▶ _PROBLEM STATEMENT_:
In the entries that follow, find the line containing "粉色、桃紅色完美在指尖交織,搭配白色線條點綴,更加俏麗甜美!" and the line containing "Эти мягкие, теплые", then copy exactly everything from the first through the second except the pictures.

▶ _DATA FOR ANALYSIS_:
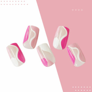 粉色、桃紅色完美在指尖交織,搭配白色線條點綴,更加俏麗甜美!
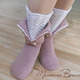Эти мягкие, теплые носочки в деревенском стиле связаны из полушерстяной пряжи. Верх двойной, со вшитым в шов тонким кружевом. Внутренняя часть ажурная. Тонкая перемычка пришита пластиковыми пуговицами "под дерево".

--

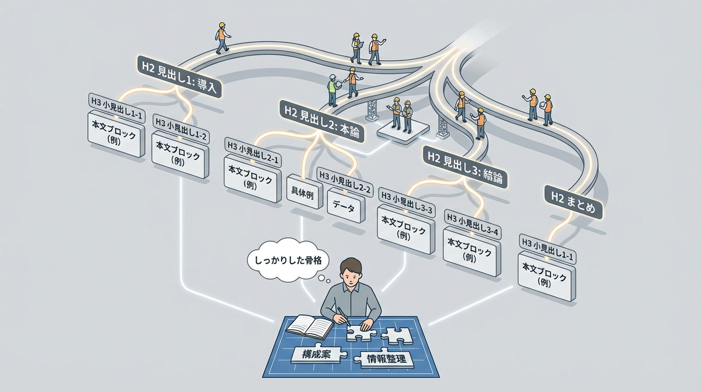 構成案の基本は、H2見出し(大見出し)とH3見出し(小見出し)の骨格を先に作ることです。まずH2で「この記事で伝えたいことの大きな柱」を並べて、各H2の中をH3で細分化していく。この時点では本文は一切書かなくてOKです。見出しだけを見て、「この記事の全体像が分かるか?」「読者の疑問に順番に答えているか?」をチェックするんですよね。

▶ _SOLUTION TO THIS EXERCISE_:
 粉色、桃紅色完美在指尖交織,搭配白色線條點綴,更加俏麗甜美!
Эти мягкие, теплые носочки в деревенском стиле связаны из полушерстяной пряжи. Верх двойной, со вшитым в шов тонким кружевом. Внутренняя часть ажурная. Тонкая перемычка пришита пластиковыми пуговицами "под дерево".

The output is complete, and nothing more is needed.